# Task requirements
Transcribe exactly the line with "Mahogany dining room" and each line that follows it in the listing, down to the last, omitting all pictures.

# Data supplied
[Start of Attachment]

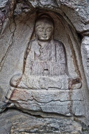 A statue of Buddha in Bulgok, Namsan Mountain, Gyeongju, Korea.
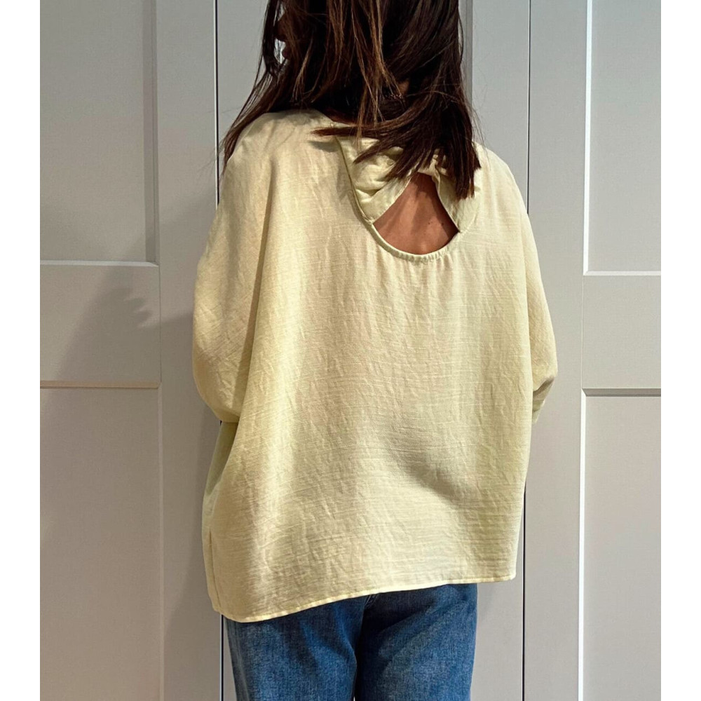 - Blusa corte oversize con abertura en la espalda y aplique efecto lazo.
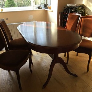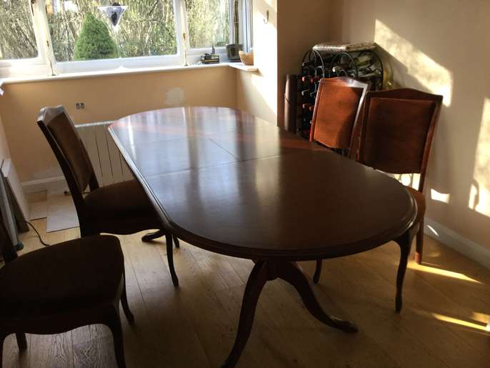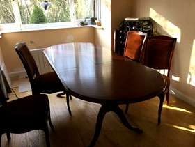 Mahogany dining room table and 4 chairs, table 90cm wide x 170cm long without extension, 220cm long with extension, good condition, collect from Calne ASAP.
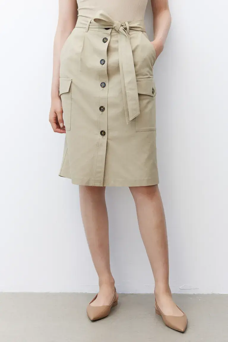 Бренд: H&M Цвет: бежевый Новинка Юбка из твила длиной до щиколотки, полностью застегнутая на пуговицы, со складками из смеси лиоцелла и хлопка. Высокий пояс со съемным поясом, косые боковые карманы и накладные карманы с клапанами на пуговицах по бокам. Без подкладки. Размер: Талия: Окружность: 79,5 см (размер 40), Спина: Длина: 61,0 см (размер 40) Длина: До колена Высота талии: Высокая талия Посадка: Обычная Посадка Стиль: карго, юбка-карандаш.
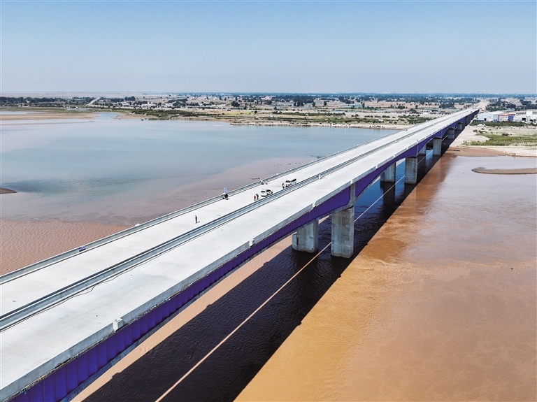 9月28日,包茂高速公路昭君黃河特大橋?qū)崿F(xiàn)主體完工。昭君黃河特大橋是包茂高速包頭至東勝改擴(kuò)建工程包頭西連接線的控制性工程,主橋?yàn)閲?guó)內(nèi)在建單聯(lián)最長(zhǎng)的梁式橋,采用雙向4車(chē)道高速公路標(biāo)準(zhǔn)建設(shè),全長(zhǎng)4300米。該橋建成通車(chē)后,將極大地縮短包鄂兩地的行車(chē)時(shí)間,提升路網(wǎng)通行能力。(本報(bào)記者 王曉博 攝)

[End of Attachment]

# Response
 Mahogany dining room table and 4 chairs, table 90cm wide x 170cm long without extension, 220cm long with extension, good condition, collect from Calne ASAP.
 Бренд: H&M Цвет: бежевый Новинка Юбка из твила длиной до щиколотки, полностью застегнутая на пуговицы, со складками из смеси лиоцелла и хлопка. Высокий пояс со съемным поясом, косые боковые карманы и накладные карманы с клапанами на пуговицах по бокам. Без подкладки. Размер: Талия: Окружность: 79,5 см (размер 40), Спина: Длина: 61,0 см (размер 40) Длина: До колена Высота талии: Высокая талия Посадка: Обычная Посадка Стиль: карго, юбка-карандаш.
 9月28日,包茂高速公路昭君黃河特大橋?qū)崿F(xiàn)主體完工。昭君黃河特大橋是包茂高速包頭至東勝改擴(kuò)建工程包頭西連接線的控制性工程,主橋?yàn)閲?guó)內(nèi)在建單聯(lián)最長(zhǎng)的梁式橋,采用雙向4車(chē)道高速公路標(biāo)準(zhǔn)建設(shè),全長(zhǎng)4300米。該橋建成通車(chē)后,將極大地縮短包鄂兩地的行車(chē)時(shí)間,提升路網(wǎng)通行能力。(本報(bào)記者 王曉博 攝)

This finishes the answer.